**** Supplied material ****
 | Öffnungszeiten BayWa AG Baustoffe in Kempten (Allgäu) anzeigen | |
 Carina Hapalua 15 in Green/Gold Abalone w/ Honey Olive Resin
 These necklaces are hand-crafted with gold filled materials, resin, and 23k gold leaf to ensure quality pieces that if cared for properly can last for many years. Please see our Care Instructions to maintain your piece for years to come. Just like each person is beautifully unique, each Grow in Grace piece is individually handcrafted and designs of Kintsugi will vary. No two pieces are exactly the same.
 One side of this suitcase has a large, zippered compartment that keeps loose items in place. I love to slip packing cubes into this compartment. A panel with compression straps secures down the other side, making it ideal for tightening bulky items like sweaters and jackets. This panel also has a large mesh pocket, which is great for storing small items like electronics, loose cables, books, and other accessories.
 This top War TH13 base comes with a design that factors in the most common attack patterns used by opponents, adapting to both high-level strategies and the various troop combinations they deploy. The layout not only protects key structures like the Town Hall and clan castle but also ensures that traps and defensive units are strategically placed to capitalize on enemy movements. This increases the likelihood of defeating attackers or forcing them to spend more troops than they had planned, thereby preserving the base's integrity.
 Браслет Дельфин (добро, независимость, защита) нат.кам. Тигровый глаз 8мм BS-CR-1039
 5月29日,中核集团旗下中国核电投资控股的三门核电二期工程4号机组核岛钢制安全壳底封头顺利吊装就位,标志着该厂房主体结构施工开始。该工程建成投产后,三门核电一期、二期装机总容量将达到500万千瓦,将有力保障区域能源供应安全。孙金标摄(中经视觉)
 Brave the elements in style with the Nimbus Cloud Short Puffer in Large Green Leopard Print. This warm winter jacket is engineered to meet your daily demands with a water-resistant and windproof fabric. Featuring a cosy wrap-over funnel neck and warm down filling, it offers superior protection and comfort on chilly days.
****
**** Supplied material ****
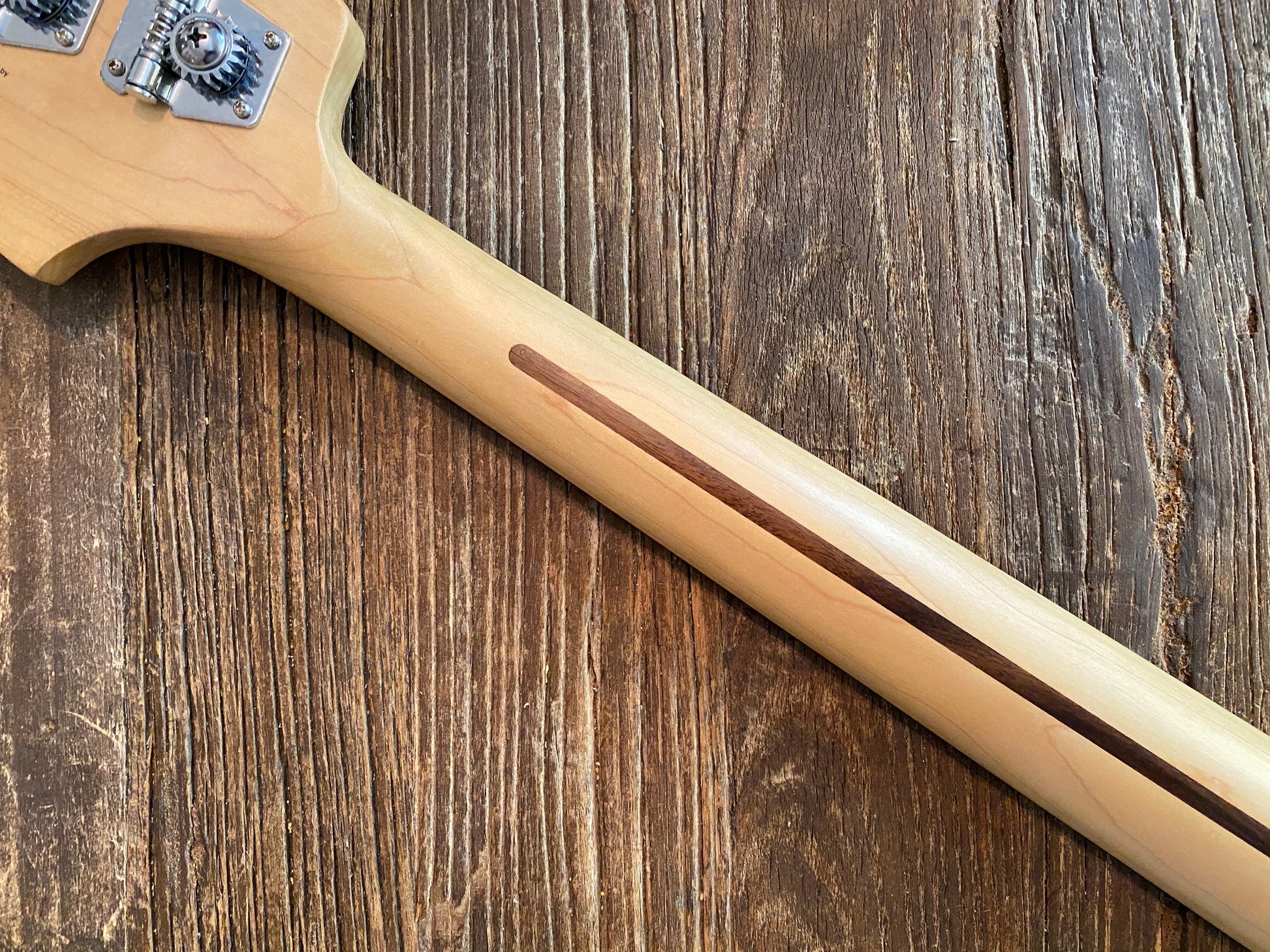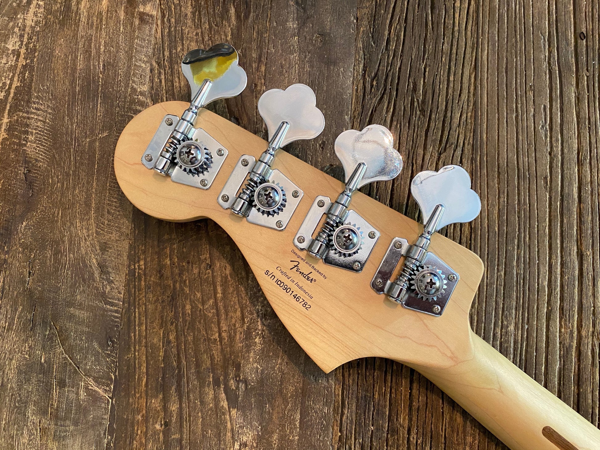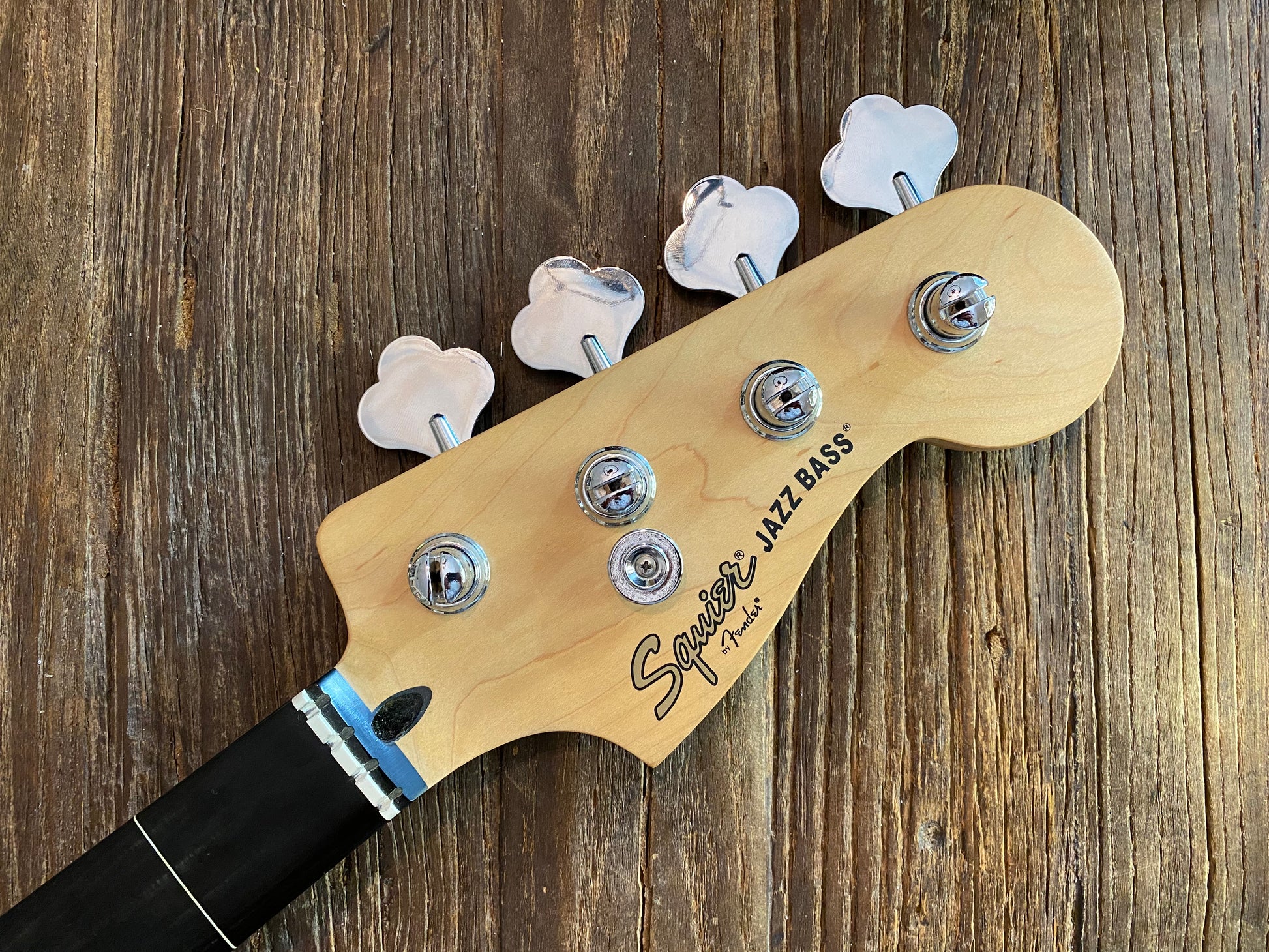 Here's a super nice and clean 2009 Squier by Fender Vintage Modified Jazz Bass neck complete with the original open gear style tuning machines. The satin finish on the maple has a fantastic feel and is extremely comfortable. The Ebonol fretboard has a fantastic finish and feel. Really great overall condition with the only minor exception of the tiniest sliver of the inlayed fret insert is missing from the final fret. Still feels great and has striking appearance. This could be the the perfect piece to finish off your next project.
****
• Work required: The answer must be all the lines above that hold the word "Green".

• Output for this exercise:
 Carina Hapalua 15 in Green/Gold Abalone w/ Honey Olive Resin
 Brave the elements in style with the Nimbus Cloud Short Puffer in Large Green Leopard Print. This warm winter jacket is engineered to meet your daily demands with a water-resistant and windproof fabric. Featuring a cosy wrap-over funnel neck and warm down filling, it offers superior protection and comfort on chilly days.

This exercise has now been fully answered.